Cricket analogy: It's like a franchise rule that a player can only request a review (DRS) on a decision affecting their own dismissal, not any teammate's -- a resource-ownership check beyond simple team membership.
// Role-based authorization on a controller
[Authorize(Roles = "Admin,Manager")]
public class ReportsController : Controller
{
public ActionResult Index() => View();
// Stacking attributes = AND, not OR
[Authorize(Roles = "Admin")]
public ActionResult DeleteAll() => View();
}
// Resource-based authorization inside an action
[Authorize]
public ActionResult Edit(int id)
{
var order = _db.Orders.Find(id);
if (order == null) return HttpNotFound();
var currentUserId = User.Identity.GetUserId();
if (order.OwnerUserId != currentUserId && !User.IsInRole("Admin"))
{
return new HttpStatusCodeResult(HttpStatusCode.Forbidden);
}
return View(order);
}
// Custom claims-based authorize attribute
public class RequireEmailVerifiedAttribute : AuthorizeAttribute
{
protected override bool AuthorizeCore(HttpContextBase httpContext)
{
var identity = httpContext.User.Identity as ClaimsIdentity;
return identity != null &&
identity.HasClaim(c => c.Type == "EmailVerified" && c.Value == "true");
}
}[Authorize] with no parameters only checks that the user is authenticated -- it grants access to any logged-in user regardless of role. Always be explicit with Roles or a custom policy when an action should be restricted beyond 'just logged in.'
Never rely solely on hiding a link or menu item in the view to 'protect' an action. If the controller action itself isn't decorated with [Authorize], any authenticated (or even anonymous) user can invoke it directly by URL, bypassing the UI entirely.

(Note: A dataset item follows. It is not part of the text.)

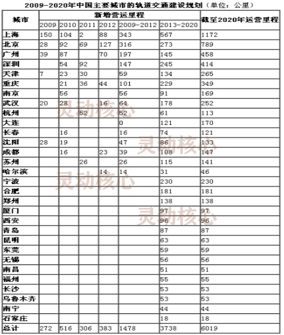 2009-2020年中国主要城市的轨道交通建设规划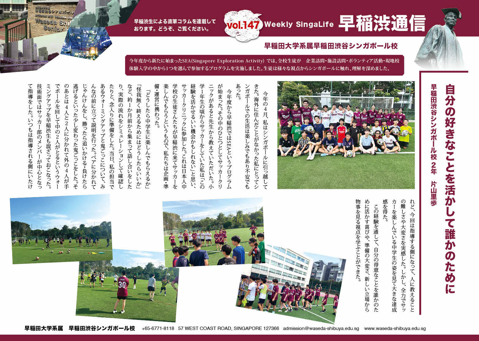 本校2年生、片山里歩さんが、中学生向けサッカークリニックの運営に参加した経験についてコラムを寄稿しました。得意なことを生かし、計画から当日の指導までおこなうという体験を通して、責任や喜び・大きな達成感を感じたようです。

- Authorization decides what an already-authenticated user is allowed to do, evaluated by filters before the action executes.

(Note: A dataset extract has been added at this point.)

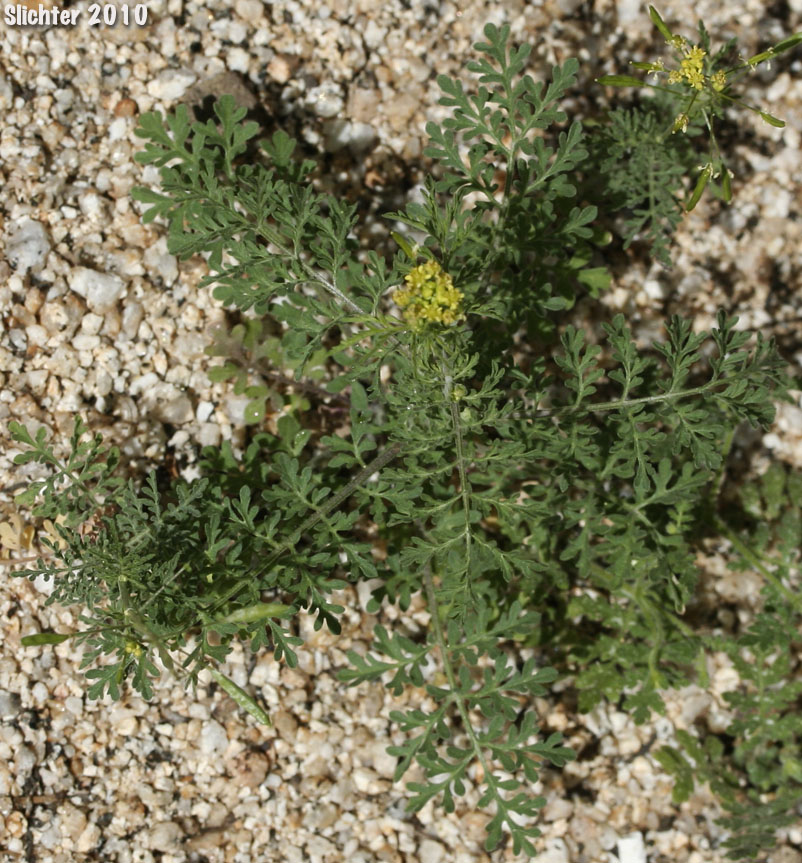 Western tansymustard blooming at Mine Wash, Anza-Borrego Desert State Park......March 27, 2010.

- [Authorize] alone requires any authenticated user; [Authorize(Roles="A,B")] requires membership in at least one listed role.
- Stacking multiple [Authorize] attributes on one action is an AND, not an OR, of their conditions.
- Resource-based rules like 'edit only your own record' require checks inside the action or a custom AuthorizeAttribute.
- Custom AuthorizeAttribute subclasses override AuthorizeCore to inspect claims beyond simple role membership.
- Hiding UI elements is not a substitute for decorating the underlying controller action with proper authorization.
- Unauthorized requests are short-circuited by the filter pipeline, so the action method body never runs.
Practice what you learned
1. What does a bare [Authorize] attribute with no Roles parameter actually enforce?
2. If a controller has [Authorize(Roles="Admin")] on the class and a second [Authorize(Roles="Manager")] on a specific action, what is required to call that action?
3. Which method do you override to implement a custom claims-based AuthorizeAttribute?
4. Why can't [Authorize(Roles="...")] alone express a rule like 'users may only edit their own order'?
5. Where in the MVC pipeline does an [Authorize] failure short-circuit request processing?